Polynomial chaos expansion for sensitivity analysis of two types of transmission line models

Abstract

This paper presents two sensitivity analyses, one of which is for the time-domain transmission line (TL) model using the latest weight-based algorithm that is a combination of the coherence-optimal sampling (COS) and the l1-minimum problem (l1-M) and the other is for the high-frequency field line coupling model based on the algorithm that combines the Latin hypercube sampling (LHS) with the l1-M for the first time, where the COS and the LHS are employed to draw samples and the polynomial chaos expansion (PCE) coefficients are obtained by solving the l1-M. Both algorithms are within the PCE framework. The results show that for the time-domain TL model, the capacitance has the greatest impact on the voltage response, followed by the resistance.
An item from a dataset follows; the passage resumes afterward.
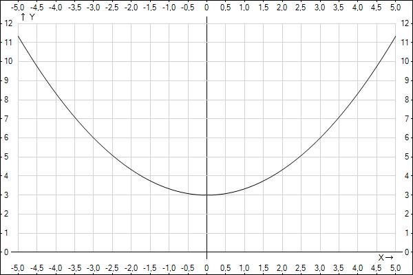 Строим параболу с вершиной в (0;3), ветви вверх и проходят через точки (3;6) и (-3;6)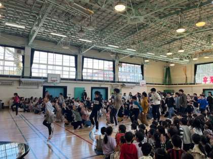 4年生は、今の6年生が以前に運動会で演技したダンスを元に感謝の気持ちを伝えました。社会科見学で行った思い出の場所のキャラクターに似たキャラも登場し、最後は6年生も一緒にダンス。会場がとても盛り上がりました。

The height and the radius have the least impact, while there is little difference between them. For the high-frequency field line coupling model, the azimuth angle has the greatest impact on the current in the TL, followed by the elevation angle. The terminal load, the conductivity, the field amplitude, the relative permittivity, and the TL radius have the least effect, and there is little difference among them. Additionally, both algorithms only require no more than 0.60% of the total Monte Carlo (MC) computation time when yielding solutions with almost identical accuracy. Compared to performing a sensitivity analysis using the MC method, the use of two algorithms significantly improves efficiency.